Деньги у Никки водились, и в гораздо большем количестве, нежели у Джейми, однако она никогда не бравировала этим. Ее родители были людьми весьма состоятельными, жили в Суррее, так что, вполне возможно, девушка внезапно решила нанести им визит. Ведь именно благодаря таким визитам она не испытывала недостатка в средствах и могла позволить себе практически все, даже изредка баловаться наркотиками.

Но было и что-то еще, не связанное напрямую с отсутствием Никки. Джейми на уровне подсознания ощущал какую-то непонятную торжественность, если не мрачность, атмосферы, царившей в аудитории. Шрапнель выглядел как обычно, был растрепан, говорил безо всякого вдохновения и, соответственно, никого своей речью не вдохновлял – чувствовалось, что эту лекцию он читает по меньшей мере в двадцатый раз. Необычная атмосфера, заключил Джейми, была порождена не Шрапнелем.

И лишь после лекции, когда студенты направились в буфет, он выяснил, в чем дело. Все это были, конечно, только слухи, но практически все студенты были убеждены: дело тут нечисто – дыма без огня не бывает.

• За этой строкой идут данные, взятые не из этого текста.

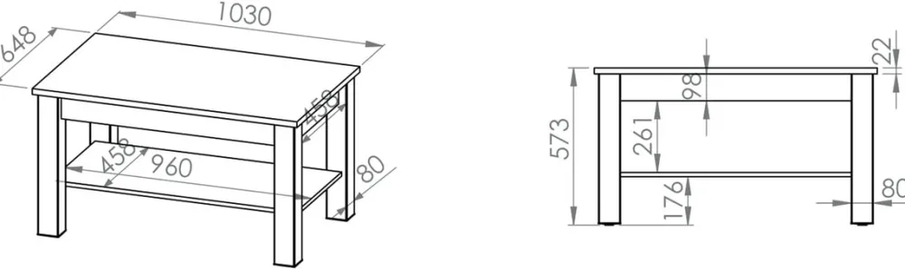 - Stolik kawowy 65×103 cm AVO to świetna dekoracja oraz miejsce, które pozwala na odłożenie kawy lub herbaty. Stolik został wykonany z płyty laminowanej 16 mm, posiada również półkę pod blatem, która pozwala na odłożenie akcesoriów.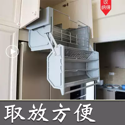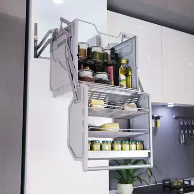 Hanging cabinet double body storage refrigerator top cabinet lifting basket large capacity lifting cabinet kitchen integral cabinet linkage lift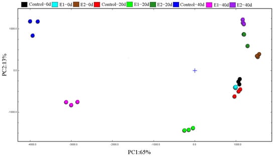 PCA plot based on the signal intensity obtained from the control, shrimp preserved in 4% NaCl solution (E1), and shrimp preserved in 4% NaCl, 0.34% citric acid, 4.23% trehalose, and 0.04% VC solution (E2) during 40 days of chilled storage.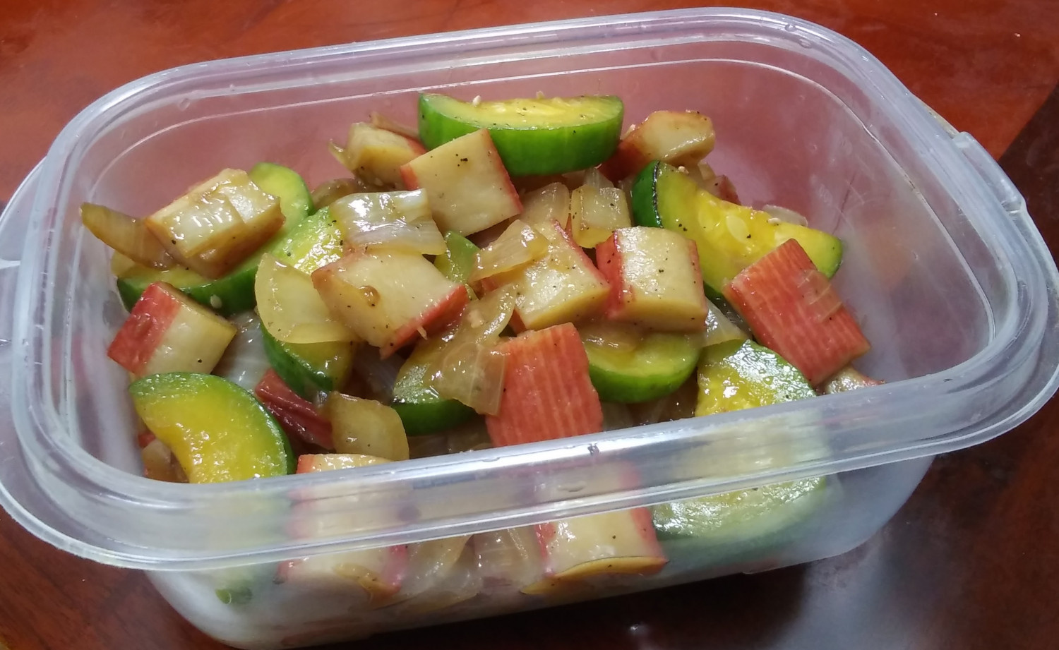 Pertama, siapkan semua bahan. Potong stik kepiting menjadi ukuran sekali suap, sekitar 1.5 cm lebarnya. Iris bawang bombay agak tebal memanjang, dan potong zukini bentuk setengah lingkaran atau memanjang. Memotong sayuran tidak terlalu tipis akan membantu menjaga teksturnya tetap enak saat ditumis.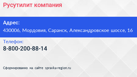 Русутилит, компания по адресу 430006, Мордовия, Саранск, Александровское шоссе, 16 в дальнейшем Организация, размещена в следующих категориях:

И буквально за несколько секунд свет померк в глазах Джейми. Весь его мир даже не разбился вдребезги, а просто растаял, растворился в какой-то гнилостной мерзости.

Слухи были самые пугающие: якобы в музее найден труп молодой девушки. Одни говорили, что ей отрезали голову, другие – что ее изнасиловали и задушили, но, так или иначе, с несчастной перед смертью проделали нечто совершенно ужасное. Кто-то из студентов утверждал, что это медсестра, другие были уверены, что физиотерапевт, а одна девушка абсолютно точно знала, что убили проститутку и полиция уже арестовала за это куратора музея.

Единственное, на чем сходились все и что связывало даже самые невероятные домыслы с реальностью, – труп находился в музее. Полиция опечатала здание и выставила у входа констебля.

Этот факт был непреложным.

И он заставил Джейми похолодеть от страха.


Держа в руках пухлый коричневый портфель, прибыл Сайденхем. Кроме портфеля он принес с собой уверенность в собственном превосходстве и не меньшую уверенность в том, что его превосходство должно быть немедленно признано всеми без исключения. Появление Сайденхема моментально нарушило установившуюся в музее мрачную тишину. Из кабинета Гудпастчера на втором этаже Айзенменгеру, как из наблюдательного пункта, была хорошо видна проплешина на голове Сайденхема, которой он раньше не замечал.

– Это ведь Сайденхем, не так ли? – спросил Рассел. В вопросе прозвучала едва заметная нотка презрения. Айзенменгер не ответил, и тогда профессор добавил сам: – Ну, теперь у них нет ни малейшего вшивого шанса вычислить убийцу.

Что бы ни говорил Рассел, у Айзенменгера постоянно возникало инстинктивное желание ему возразить, но на сей раз он, увы, не мог позволить себе это сделать. Однако в данном случае даже Сайденхем, похоже, не мог ошибиться в диагнозе.

Поэтому Айзенменгер, по своему обыкновению, счел наиболее разумным промолчать.

Чарльз Сайденхем работал патологоанатомом уже больше тридцати лет. За это время в его специальности произошли существенные перемены, но сам Сайденхем не изменился ни на йоту. Злые языки поговаривали, что интерес к судебной медицине неожиданно проснулся в нем после того, как жена застукала его в объятиях секретарши прямо на письменном столе и потребовала развода, в результате чего в бюджете доктора образовалась ощутимая дыра, которую необходимо было как-то заполнять.

В те далекие достопамятные времена, когда все слова медиков безоговорочно принимались на веру, вскрытие тела занимало от силы двадцать минут. Тогда о каком-то изъятии внутренних органов и речи не шло. Если вы были способны с подобающим пафосом огласить в суде результаты произведенного вскрытия, ни у кого не возникало даже тени сомнения в вашей правоте.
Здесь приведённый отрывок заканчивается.